I find media indulging in repetition in an unhealthy way, for example NPR/Wisconsin Public Radio. Slogans are aired so often as to be completely meaningless, as are requests for support/membership, etc. The spots aired to give credit to commercial and noncommercial organizations come around so often as to make me wonder if the radio staff ever listen to the station/network, have any understanding of how this repetition can undermine their work (?).

Am I too sensitive to this? Must I desensitize myself as I get older, with the hope that others may be more forgiving than I've been? Vamos a ver.

The Obvious

My partner in life sometimes complains about something she describes as "the obvious." It is as if I insult her by saying something that is a "foregone conclusion," not necessarily trite, but unwelcome. I don't mean to insult her, of course, and thus find myself apologizing for what I probably intended as a clarification. Often the obvious is unspoken because clarification is not deemed important, and could be unwelcomed as mention above.

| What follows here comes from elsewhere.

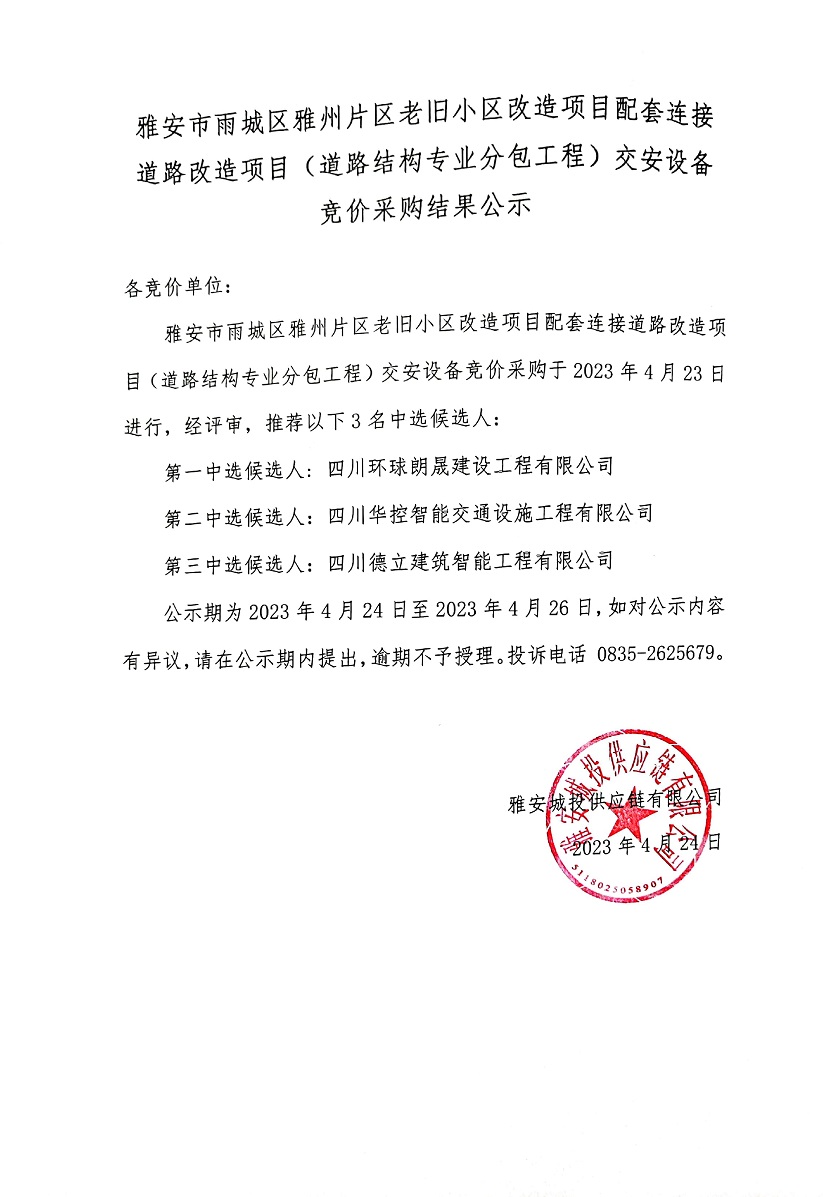 雅安市雨城區(qū)雅州片區(qū)老舊小區(qū)改造項(xiàng)目配套連接道路改造項(xiàng)目(道路結(jié)構(gòu)專業(yè)分包工程)交安設(shè)備競價(jià)采購結(jié)果公示

Something that might seem obvious is the thought that a lot of what one knows is in a general stream of consciousness, out of which we may pick a combination of concepts/words to solve or describe a problem new or different to us. Specialists might not go through the trouble, since the process does not interest them since the subject or problem does not fall within the purview of their specialization. How to manage the obvious without insult to others? It seems that risks must be taken one way or another.

Crossroads

A recent book names an Obijwe town called AAZHOOMOG, crossroads in the Anishinaabe language. And as I say the word "crossroads" I think of the well known rendition of the song done by Ry Cooder. The place where roads cross can be significant, but also may not be of importance. You may be out in the middle of nowhere, see on a map a seemingly significant crossing of roads somewhere, and expect a gas station, cafe or more (?). If the road crosses a river where there are possible or described settlements on either side, you may have something there too. I think of the Twin Cities in Minnesota where the University of Minnesota is on both sides, and St. Paul & Minneapolis are (seemingly) divided there. I have always found the word to be potentially haunting, with possible promise.

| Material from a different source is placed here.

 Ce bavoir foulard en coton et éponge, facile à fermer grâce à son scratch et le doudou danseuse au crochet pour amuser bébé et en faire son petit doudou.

Intersections are a version of crossroads, within a city or town. Some of these do not even have stop signs, much less stop lights. But often these city/town crossroads have power to them, and I have heard some described as "power intersections," where more is going on than meets the eye. There may be some strong businesses there, or organizations which carry some weight, perhaps a church. So what?, as Andy Warhol would have said. What was the first intersection or crossroads to affect your life, the first crossroads?

opacity/transparency

One of my siblings has commented on my opacity, suggesting I be more transparent. One of my erstwhile readers has asked that I reveal myself: Who am I? What do I do for a living/ Etc. So, I intend to describe myself briefly to clear the air a bit, and then satisfy my Sister (and Son, Aaron) later on. I am a 79 year old male, live on a farm and grow vegetables with my dear partner, Joni Lynn Cash. My major identity at oresent is a Haus Mann, described elsewhere in the BLOG, and I intend to go more into this subject in the near future.